We had our ultrasound last week. I walked in the door with panic in my heart. I picked a fight with the receptionist. For no good reason. I just felt like it. Hateful. Then I had to lay down on the very same ultrasound table were I saw Zack floating perfectly still, and I couldn't do it. I couldn't lay down. I just could not lay in that exact position, looking at that exact screen. I had to just cry my eyes out. Way too much drama. I just can't take it again. But then I finally got calmed down, and there you were. And I heard your heat beat and I just felt like you might be real.
This week I send in your first trimester screen blood work. It's a new test that is just a finger stick at home that I mail in. Then we go for our first trimester screening ultrasound in early August.
Then I am super excited about our 18 week ultrasound.
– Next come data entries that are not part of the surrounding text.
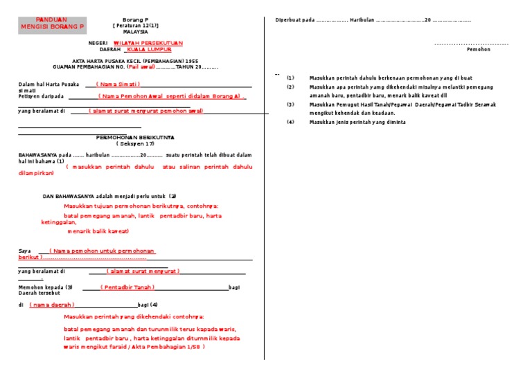 Bagi daerah di mana tiada unit pusaka kecil urusan penerimaan permohonan borang a dan borang p boleh dibuat melalui pejabat tanah di daerah daerah berkenaan. Borang p subperaturan 12 1 malaysia negeri daerah. Bagi daerah di mana tiada unit pusaka kecil urusan penerimaan permohonan borang a dan borang p boleh dibuat melalui pejabat tanah di daerah daerah berkenaan. Urusan permohonan pusaka kecil urusan permohonan pengambilan tanah dan urusan penguatkuasaan dan hasil persekutuan.
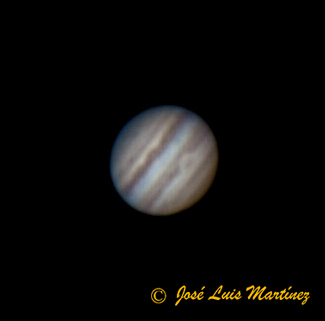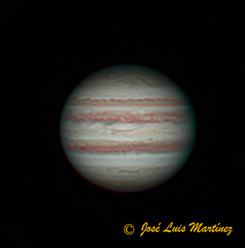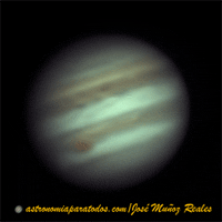 La animación de la derecha la hizo José Muñoz Reales, desde l’Hospitalet de Llobregat el 5 de junio de 2017. Además del planeta gigante, hay dos de los satélites galileanos, Io y Europa y sus sombras sobre Júpiter. La gran mancha roja también se ve perfectamente.
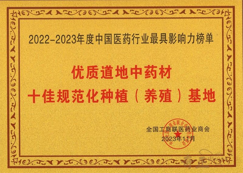 優(yōu)質(zhì)道地中藥材十佳規范化種植(養殖)基地
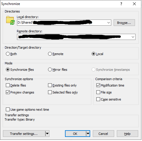 In addition, the "Use same options next time" checkbox doesn't save the Target Directory option, it simply reverts back to remote the next time I open the synchronize window.
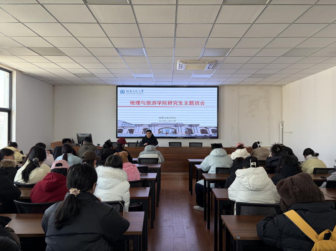 12月25日下午,地理与旅游学院2025年研究生年终主题班会在行知大讲堂三楼举行。班会采用线上线下相结合的方式进行,学院全体研究生共同参与,班会由研究生辅导员尉富国主持。

Because of Zack we are getting some high risk treatment, which means a high risk ultrasound at 18 weeks instead on 20 weeks. We are not going to find out if you are a boy or girl. We are going to have the tech write it on a piece of paper and put it in an envelope. Then I have it all lined up with a baker that we will take it to her and she will bake us a cake that is pink or blue on the inside. That night we will have our family over for dinner and then Lily will cut the cake. Showing everyone at the same time. We never did any of this cheesy stuff before, but we are this time.